Exercise goal: Reproduce, exactly and in full, the records that follow, minus any pictures.

Items from a data source:
•••
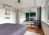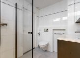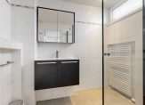 Op deze woonlaag bevinden zich twee fijne slaapkamers aan de achterzijde. Via een tussenbordes en enkele traptreden kom je op het bovenste niveau, waar zich de ruime en keurige badkamer en de master bedroom aan de voorzijde bevinden. De badkamer is neutraal van opzet en voorzien van een inloopdouche, vast wastafel met meubel en toilet.
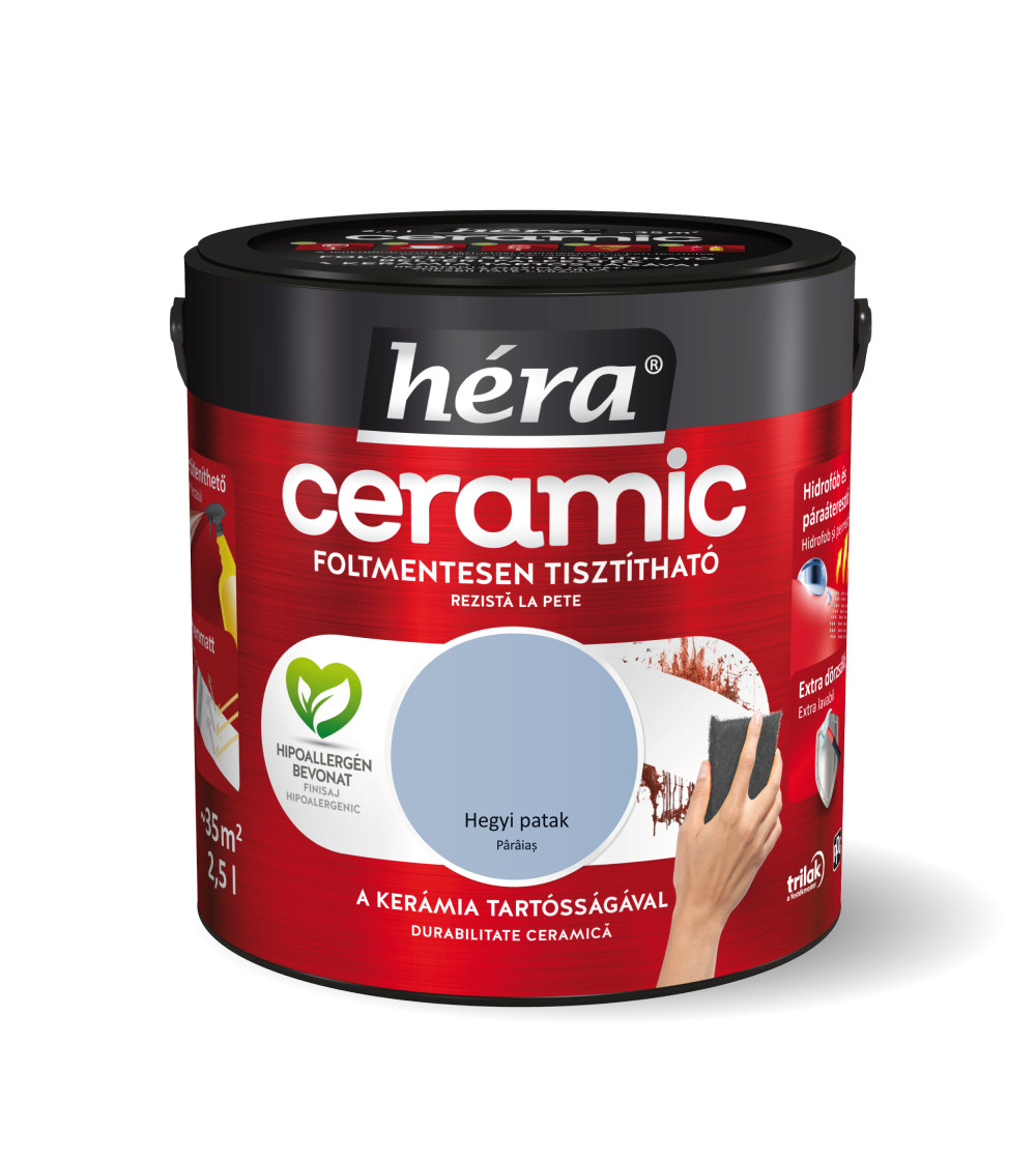 A Héra Ceramic speciális mikrokerámia-gyöngy tartalmának köszönhetően a legellenállóbb Héra beltéri falfesték. A kerámia technológia kimagasló mosás- és dörzsállóságot biztosít a felületnek, így téve azt foltmentesen tisztíthatóvá és fertőtleníthetővé. A Héra Ceramic falfesték hidrofób alkotórészei révén vízlepergető bevonatot képez, miközben innovatív kötőanyag szerkezete kiváló páraáteresztő tulajdonságot biztosít. A hipoallergén, selyemmatt felület exkluzív színmegjelenést kölcsönöz otthonának.
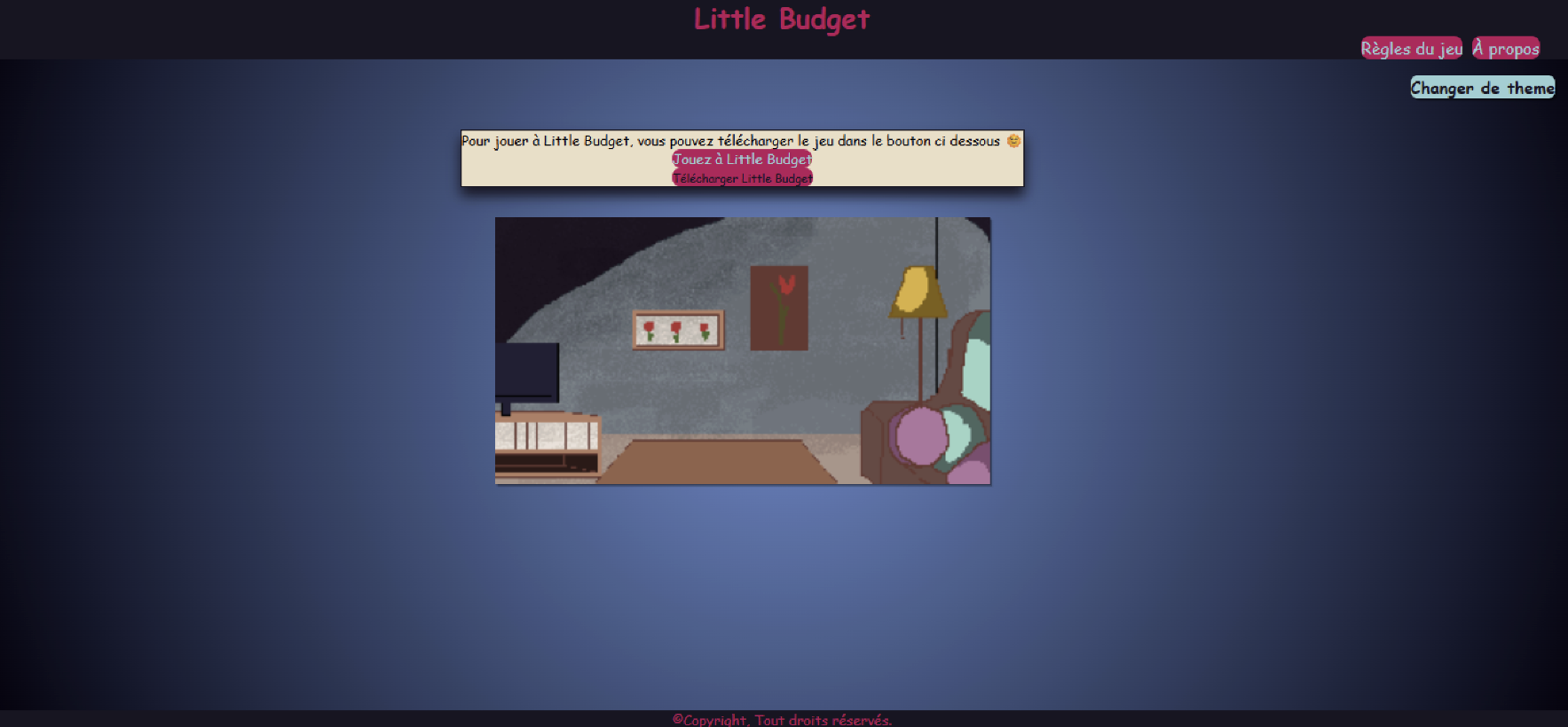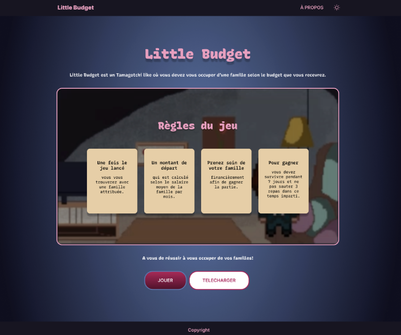 Little Budget is a project created during a 3-day finance-themed hackathon. It consists of a website and a game. The game contains a series of events that impact the player's budget based on their choices. The objective is to survive until the end without losing all your money
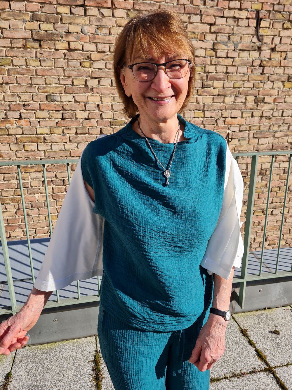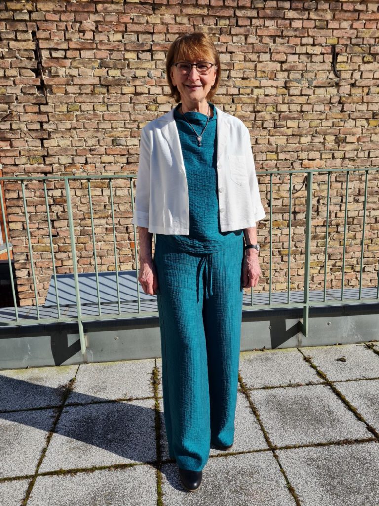 Look des Tages – aus Anlass des Frauentages heute ganz besonders chic: Sehen Sie ein Ensemble aus einer weiten, dünnen Hose mit Bindeband und einem dazu passenden Top mit Stehkragen und leicht überschnittenen Schultern. Der Stoff ist dezent in sich gemustert, die Farbe ist Flaschengrün und bringt die Augen unseres charmanten Gastmodels zum Leuchten. Sie trägt dazu eine kurze, sommerliche, weiße Jacke. Herzlichen Dank fürs Mitmachen :-). Übrigens gibt es diesen Zweiteiler nur bei uns oben, nicht im Online Shop.
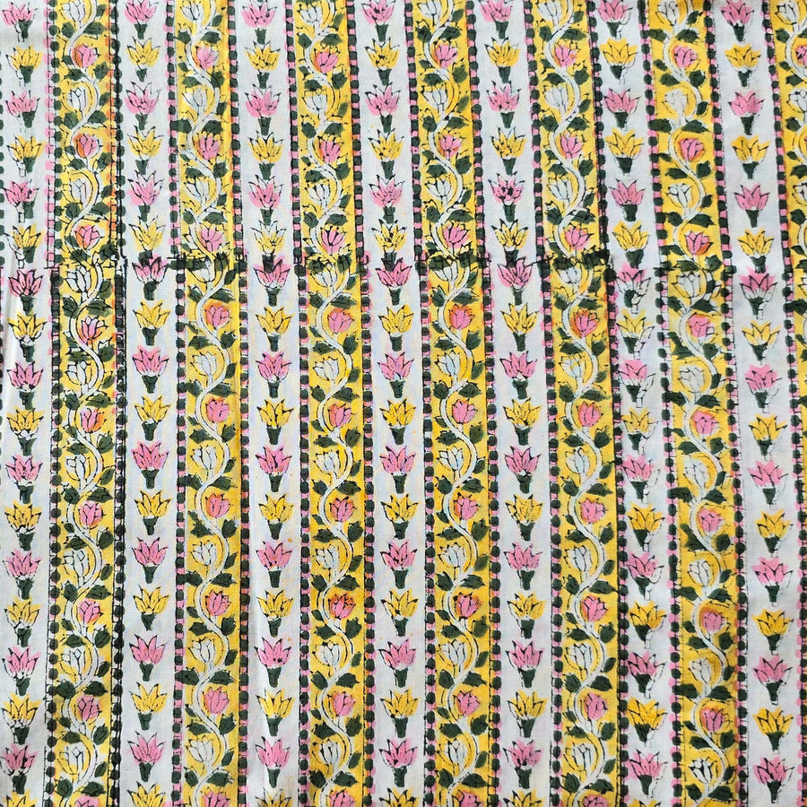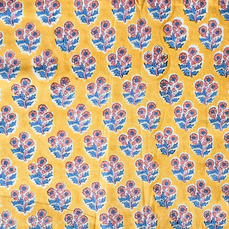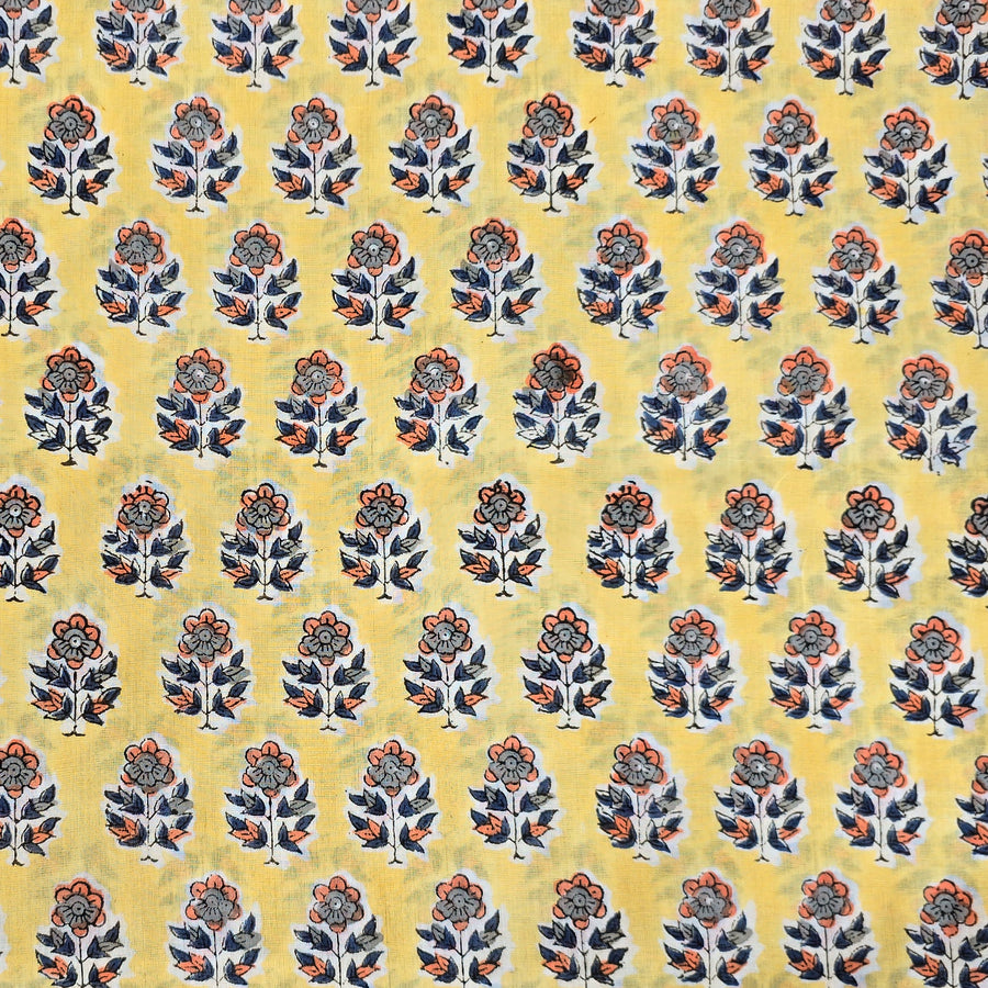 Pure Cotton Jaipuri Yellow With Green Leaves Overlapping Hand Block Print Fabric
•••
Response for this exercise:
 Op deze woonlaag bevinden zich twee fijne slaapkamers aan de achterzijde. Via een tussenbordes en enkele traptreden kom je op het bovenste niveau, waar zich de ruime en keurige badkamer en de master bedroom aan de voorzijde bevinden. De badkamer is neutraal van opzet en voorzien van een inloopdouche, vast wastafel met meubel en toilet.
 A Héra Ceramic speciális mikrokerámia-gyöngy tartalmának köszönhetően a legellenállóbb Héra beltéri falfesték. A kerámia technológia kimagasló mosás- és dörzsállóságot biztosít a felületnek, így téve azt foltmentesen tisztíthatóvá és fertőtleníthetővé. A Héra Ceramic falfesték hidrofób alkotórészei révén vízlepergető bevonatot képez, miközben innovatív kötőanyag szerkezete kiváló páraáteresztő tulajdonságot biztosít. A hipoallergén, selyemmatt felület exkluzív színmegjelenést kölcsönöz otthonának.
 Little Budget is a project created during a 3-day finance-themed hackathon. It consists of a website and a game. The game contains a series of events that impact the player's budget based on their choices. The objective is to survive until the end without losing all your money
 Look des Tages – aus Anlass des Frauentages heute ganz besonders chic: Sehen Sie ein Ensemble aus einer weiten, dünnen Hose mit Bindeband und einem dazu passenden Top mit Stehkragen und leicht überschnittenen Schultern. Der Stoff ist dezent in sich gemustert, die Farbe ist Flaschengrün und bringt die Augen unseres charmanten Gastmodels zum Leuchten. Sie trägt dazu eine kurze, sommerliche, weiße Jacke. Herzlichen Dank fürs Mitmachen :-). Übrigens gibt es diesen Zweiteiler nur bei uns oben, nicht im Online Shop.
 Pure Cotton Jaipuri Yellow With Green Leaves Overlapping Hand Block Print Fabric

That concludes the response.